** AIM OF THE EXERCISE **
From the line that contains "接下来就是大家最为期待的实际" to the last line of the data, every line is to be transcribed exactly; no other line is to be included.
▼▼▼
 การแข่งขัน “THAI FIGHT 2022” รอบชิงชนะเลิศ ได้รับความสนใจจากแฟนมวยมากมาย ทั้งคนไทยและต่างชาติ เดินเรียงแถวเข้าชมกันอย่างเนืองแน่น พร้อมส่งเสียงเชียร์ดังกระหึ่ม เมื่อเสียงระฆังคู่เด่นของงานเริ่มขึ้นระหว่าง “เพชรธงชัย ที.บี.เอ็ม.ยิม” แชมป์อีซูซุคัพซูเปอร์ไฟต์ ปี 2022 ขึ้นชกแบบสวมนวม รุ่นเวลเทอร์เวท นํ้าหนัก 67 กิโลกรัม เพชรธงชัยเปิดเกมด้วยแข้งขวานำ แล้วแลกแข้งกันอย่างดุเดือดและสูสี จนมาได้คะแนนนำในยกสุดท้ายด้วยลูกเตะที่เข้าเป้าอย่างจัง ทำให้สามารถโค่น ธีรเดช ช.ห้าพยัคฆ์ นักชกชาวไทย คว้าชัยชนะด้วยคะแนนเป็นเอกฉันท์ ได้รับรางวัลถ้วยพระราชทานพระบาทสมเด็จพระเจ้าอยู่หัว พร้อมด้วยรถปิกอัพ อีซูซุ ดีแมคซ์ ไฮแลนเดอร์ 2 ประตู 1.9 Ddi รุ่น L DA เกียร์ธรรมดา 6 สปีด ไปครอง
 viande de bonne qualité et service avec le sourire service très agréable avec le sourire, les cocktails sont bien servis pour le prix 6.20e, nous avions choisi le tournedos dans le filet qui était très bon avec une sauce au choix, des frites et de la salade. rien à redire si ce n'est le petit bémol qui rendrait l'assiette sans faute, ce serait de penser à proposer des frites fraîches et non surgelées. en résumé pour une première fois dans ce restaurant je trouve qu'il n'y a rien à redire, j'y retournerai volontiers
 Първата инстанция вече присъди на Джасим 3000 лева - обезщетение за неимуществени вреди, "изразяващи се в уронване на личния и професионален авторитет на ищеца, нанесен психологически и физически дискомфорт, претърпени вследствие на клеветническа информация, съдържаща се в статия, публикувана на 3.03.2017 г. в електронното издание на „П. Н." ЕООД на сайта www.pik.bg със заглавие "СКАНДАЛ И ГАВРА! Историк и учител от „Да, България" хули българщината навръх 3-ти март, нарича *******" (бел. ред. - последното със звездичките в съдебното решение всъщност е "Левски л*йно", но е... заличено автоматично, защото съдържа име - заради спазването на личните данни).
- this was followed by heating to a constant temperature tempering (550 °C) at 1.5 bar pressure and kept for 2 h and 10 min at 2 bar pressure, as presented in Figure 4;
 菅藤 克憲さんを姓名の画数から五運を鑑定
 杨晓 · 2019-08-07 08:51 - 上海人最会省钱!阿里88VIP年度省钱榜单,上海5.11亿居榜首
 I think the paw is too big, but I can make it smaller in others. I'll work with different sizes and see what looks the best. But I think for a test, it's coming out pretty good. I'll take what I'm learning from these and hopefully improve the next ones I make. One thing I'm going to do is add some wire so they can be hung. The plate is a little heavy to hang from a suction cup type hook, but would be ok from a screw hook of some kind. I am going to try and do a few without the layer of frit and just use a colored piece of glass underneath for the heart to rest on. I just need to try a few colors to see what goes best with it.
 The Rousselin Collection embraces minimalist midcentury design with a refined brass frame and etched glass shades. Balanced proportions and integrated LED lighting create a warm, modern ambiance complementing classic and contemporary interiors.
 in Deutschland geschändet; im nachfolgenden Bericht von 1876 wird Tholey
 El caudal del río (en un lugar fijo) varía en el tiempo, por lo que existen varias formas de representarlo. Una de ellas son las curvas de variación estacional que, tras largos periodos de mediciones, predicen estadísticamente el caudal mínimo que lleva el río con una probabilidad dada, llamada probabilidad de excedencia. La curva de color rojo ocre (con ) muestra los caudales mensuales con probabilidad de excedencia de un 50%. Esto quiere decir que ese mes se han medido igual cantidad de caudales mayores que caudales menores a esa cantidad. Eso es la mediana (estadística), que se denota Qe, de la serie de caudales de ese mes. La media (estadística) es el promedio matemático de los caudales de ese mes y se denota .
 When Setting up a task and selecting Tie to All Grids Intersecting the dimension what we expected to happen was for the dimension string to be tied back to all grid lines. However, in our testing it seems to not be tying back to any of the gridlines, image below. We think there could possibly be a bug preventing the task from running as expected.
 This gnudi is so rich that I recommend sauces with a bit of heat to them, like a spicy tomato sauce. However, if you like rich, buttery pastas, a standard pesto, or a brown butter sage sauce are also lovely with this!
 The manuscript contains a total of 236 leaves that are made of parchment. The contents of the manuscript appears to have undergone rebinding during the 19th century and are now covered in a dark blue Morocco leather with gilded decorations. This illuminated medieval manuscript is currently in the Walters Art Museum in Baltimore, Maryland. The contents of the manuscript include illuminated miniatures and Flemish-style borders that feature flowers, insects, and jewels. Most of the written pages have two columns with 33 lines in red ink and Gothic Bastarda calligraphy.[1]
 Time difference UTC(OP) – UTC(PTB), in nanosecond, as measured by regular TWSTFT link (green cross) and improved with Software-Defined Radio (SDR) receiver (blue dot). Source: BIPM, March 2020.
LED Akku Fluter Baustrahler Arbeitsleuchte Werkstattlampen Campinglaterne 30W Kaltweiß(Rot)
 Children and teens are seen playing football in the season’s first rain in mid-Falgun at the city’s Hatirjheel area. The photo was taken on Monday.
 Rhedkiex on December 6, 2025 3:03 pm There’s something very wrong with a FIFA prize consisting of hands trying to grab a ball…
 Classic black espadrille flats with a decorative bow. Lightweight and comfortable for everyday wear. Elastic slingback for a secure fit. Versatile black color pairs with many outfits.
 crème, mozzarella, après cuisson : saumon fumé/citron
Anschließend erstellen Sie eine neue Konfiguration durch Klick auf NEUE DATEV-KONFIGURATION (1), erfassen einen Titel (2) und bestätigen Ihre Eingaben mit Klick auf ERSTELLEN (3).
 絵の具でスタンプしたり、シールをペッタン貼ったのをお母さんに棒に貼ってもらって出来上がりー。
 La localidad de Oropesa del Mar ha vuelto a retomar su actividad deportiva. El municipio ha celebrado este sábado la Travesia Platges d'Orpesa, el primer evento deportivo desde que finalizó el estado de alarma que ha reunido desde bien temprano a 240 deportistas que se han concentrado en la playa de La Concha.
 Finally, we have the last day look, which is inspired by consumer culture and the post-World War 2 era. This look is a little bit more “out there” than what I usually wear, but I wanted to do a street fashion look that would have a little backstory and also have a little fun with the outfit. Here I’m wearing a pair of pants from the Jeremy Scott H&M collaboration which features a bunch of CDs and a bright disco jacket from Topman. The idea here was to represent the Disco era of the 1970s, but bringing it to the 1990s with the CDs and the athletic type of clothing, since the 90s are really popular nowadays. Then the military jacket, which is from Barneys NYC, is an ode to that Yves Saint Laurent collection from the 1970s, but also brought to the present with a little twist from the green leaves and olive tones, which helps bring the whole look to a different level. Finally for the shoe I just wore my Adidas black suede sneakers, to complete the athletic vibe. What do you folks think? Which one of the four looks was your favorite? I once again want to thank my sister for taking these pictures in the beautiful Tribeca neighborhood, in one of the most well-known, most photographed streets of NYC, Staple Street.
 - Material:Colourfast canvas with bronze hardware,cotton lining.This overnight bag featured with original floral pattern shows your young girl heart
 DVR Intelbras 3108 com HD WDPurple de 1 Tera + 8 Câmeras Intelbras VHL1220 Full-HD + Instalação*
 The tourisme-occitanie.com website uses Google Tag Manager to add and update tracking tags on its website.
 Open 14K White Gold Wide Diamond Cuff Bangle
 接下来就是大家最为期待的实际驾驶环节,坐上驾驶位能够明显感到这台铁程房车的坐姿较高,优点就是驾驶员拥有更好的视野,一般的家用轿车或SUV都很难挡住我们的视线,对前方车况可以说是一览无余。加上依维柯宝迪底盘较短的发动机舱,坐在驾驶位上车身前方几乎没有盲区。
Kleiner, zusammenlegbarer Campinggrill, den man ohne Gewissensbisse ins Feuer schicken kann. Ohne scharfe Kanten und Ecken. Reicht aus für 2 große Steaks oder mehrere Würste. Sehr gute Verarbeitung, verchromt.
▲▲▲
** RESULT OF THIS EXERCISE **
 接下来就是大家最为期待的实际驾驶环节,坐上驾驶位能够明显感到这台铁程房车的坐姿较高,优点就是驾驶员拥有更好的视野,一般的家用轿车或SUV都很难挡住我们的视线,对前方车况可以说是一览无余。加上依维柯宝迪底盘较短的发动机舱,坐在驾驶位上车身前方几乎没有盲区。
Kleiner, zusammenlegbarer Campinggrill, den man ohne Gewissensbisse ins Feuer schicken kann. Ohne scharfe Kanten und Ecken. Reicht aus für 2 große Steaks oder mehrere Würste. Sehr gute Verarbeitung, verchromt.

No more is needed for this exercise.